* _AVAILABLE DATA_:
------------
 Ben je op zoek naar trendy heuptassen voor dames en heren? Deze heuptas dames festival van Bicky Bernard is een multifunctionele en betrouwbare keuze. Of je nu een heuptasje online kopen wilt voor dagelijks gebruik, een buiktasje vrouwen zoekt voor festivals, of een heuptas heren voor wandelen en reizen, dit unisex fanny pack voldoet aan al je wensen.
------------
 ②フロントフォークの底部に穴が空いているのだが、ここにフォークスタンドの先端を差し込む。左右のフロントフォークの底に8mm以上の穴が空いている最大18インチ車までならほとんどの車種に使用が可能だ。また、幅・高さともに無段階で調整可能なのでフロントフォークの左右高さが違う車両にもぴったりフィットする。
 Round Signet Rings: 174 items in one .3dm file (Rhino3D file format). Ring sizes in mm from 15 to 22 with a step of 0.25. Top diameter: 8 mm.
------------
Beginning at the line with "②フロントフォークの底部に穴" and stopping after the line with "Round Signet Rings: 174", please write out every line of the data above exactly and nothing else.

* _REPLY TO THE TASK_:
 ②フロントフォークの底部に穴が空いているのだが、ここにフォークスタンドの先端を差し込む。左右のフロントフォークの底に8mm以上の穴が空いている最大18インチ車までならほとんどの車種に使用が可能だ。また、幅・高さともに無段階で調整可能なのでフロントフォークの左右高さが違う車両にもぴったりフィットする。
 Round Signet Rings: 174 items in one .3dm file (Rhino3D file format). Ring sizes in mm from 15 to 22 with a step of 0.25. Top diameter: 8 mm.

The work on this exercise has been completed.